Perspectives: UVM Should Be Doing More for Survivors of Sexual Violence
February 8, 2021
According to the Rape, Abuse, Incest, National Network (RAINN), sexual violence on college campuses is pervasive.
“Among undergraduate students, 26.4% of females and 6.8% of males experience rape or sexual assault through physical force, violence or incapacitation. And college women, ages 18-24, are also at an elevated risk of sexual violence.”
With data this staggering, one would think that universities would dedicate enough money and resources to the epidemic of sexual violence on college campuses.
As a freshman on campus, newly elected to UVM’s Student Government Association in the Spring of 2019, I was determined to inspire change on this campus and fight to ensure that the UVM Administration did more for survivors of sexual violence.
I naively thought that it would be easy. I thought that UVM administrators would gladly come on board to support my proposals to provide more meaningful support for survivors.
Unfortunately, I was wrong.
My first project as a Senator on UVM’s Student Government Association as a member of its Committee on Diversity, Inclusion & Equity was to advocate for more Campus Victim’s Advocates on our campus.
UVM’s Campus Victims Advocate according to the Women & Gender Equity Center is responsible for serving as a confidential source to provide counseling, options, information and advocacy for survivors of sexual violence.
Currently, Judy Rickstad serves as UVM’s only Campus Victims Advocate. Upon learning that UVM, with an undergraduate population upwards of 11,000 students, only had one Campus Victims Advocate for the entire University, frankly, I was appalled.
How could UVM with an undergraduate population upwards of 11,000 students only employ one person to support survivors when we know that sexual violence is such a pervasive issue on college campuses? How can the University only employ one Campus Victims Advocate when we know that sexual assault is one of the most underreported crimes, one that often leaves long-term effects on survivors?
The more I learned, the more I grew disappointed at the University’s lack of support for survivors of sexual violence.
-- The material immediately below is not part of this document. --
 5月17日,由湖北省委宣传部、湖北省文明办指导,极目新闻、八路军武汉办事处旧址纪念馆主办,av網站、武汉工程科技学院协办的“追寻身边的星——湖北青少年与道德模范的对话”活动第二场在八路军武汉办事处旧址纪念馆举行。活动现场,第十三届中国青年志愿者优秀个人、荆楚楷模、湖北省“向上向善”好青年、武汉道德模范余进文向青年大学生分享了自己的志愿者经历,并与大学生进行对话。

So with my fellow Senators on SGA, we began to formulate a plan.
I began to research over ten of UVM’s comparator or peer institutions to find out what on-campus resources they had for survivors of sexual violence. My findings only served to support my claims – UVM has a severe lack of resources for survivors of sexual assault and harassment.
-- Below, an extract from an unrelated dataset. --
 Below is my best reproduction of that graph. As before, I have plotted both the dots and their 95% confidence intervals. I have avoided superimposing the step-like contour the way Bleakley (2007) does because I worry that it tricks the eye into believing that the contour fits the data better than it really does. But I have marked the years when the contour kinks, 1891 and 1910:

All of UVM’s comparator institutions such as Boston University, Boston College, Syracuse University, George Washington University, University of Massachusetts Amherst, University of Connecticut and the University of Colorado Boulder all have far more on-campus resources for survivors of sexual violence than UVM does.
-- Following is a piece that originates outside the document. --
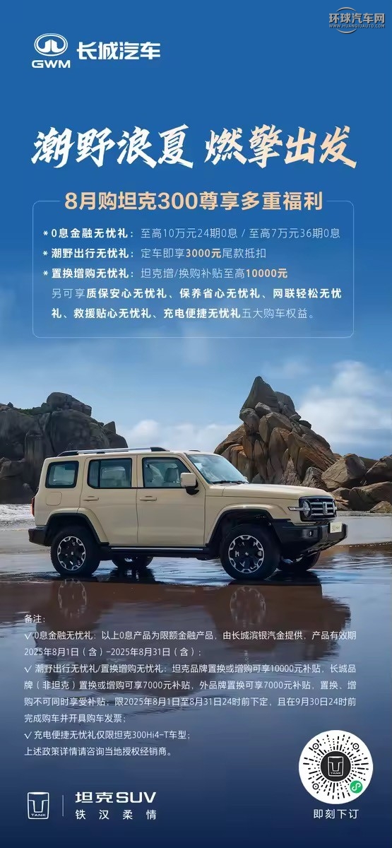 為了滿足廣大用戶的多樣化需求,坦克300還特別推出了置換增購與潮野出行雙重禮遇。2025年8月期間,凡定車用戶,即可享受3000元尾款直抵。同時,坦克品牌車型的置換或增購 更可獲得至高10000元的補貼,長城其他品牌置換或增購可享7000元補貼,外品牌置換亦可享7000元補貼。 該政策限定2025年8月31日24時前下定,并于2025年9月30日24時前完成購車并開具購車發票。這一政策精準滿足您的不同需求,輕松擁有心儀座駕。

The overwhelming majority of UVM’s comparator institutions have Sexual Assault Response Teams or entire departments, dedicated to supporting survivors of sexual violence, with directors, administrators, as well as multiple domestic and sexual violence therapists and counselors available to undergraduate students.
Many of the same universities had resources for student survivors available 24/7, 365 days per year. UVM still only had one Campus Victims Advocate, and I continued to grow more determined to make my case to administrators.
As a Political Science Major with a tendency to be rather argumentative, I remember walking into a meeting with a UVM administrator overly confident, prepared to present my findings and make my case for more Campus Victims Advocates on our campus. I left the meeting slumped over and defeated.
Despite my countless hours of research, I and another SGA Senator were told that adding another Campus Victims Advocate was just too expensive, that the University didn’t have funding for it, and that there were resources for survivors of sexual violence outside of UVM. I walked back to my dorm on Redstone campus confused by the blatant dismissal of our proposal.
Sexual violence on our campus remains an ever-pervasive issue, and I am now calling on the UVM administration to do more to put an end to sexual violence on our campus. We must provide more support for survivors.
Enough is enough, no more excuses.
As an institution such as UVM that strives to be known as a premier research institution and a “public ivy,” our University should be leading the way in combatting sexual violence. Instead, UVM falls embarrassingly far behind other universities when it comes down to supporting survivors of sexual assault and harassment.
And for all students who are survivors here at UVM…I see you, I hear you and I believe you.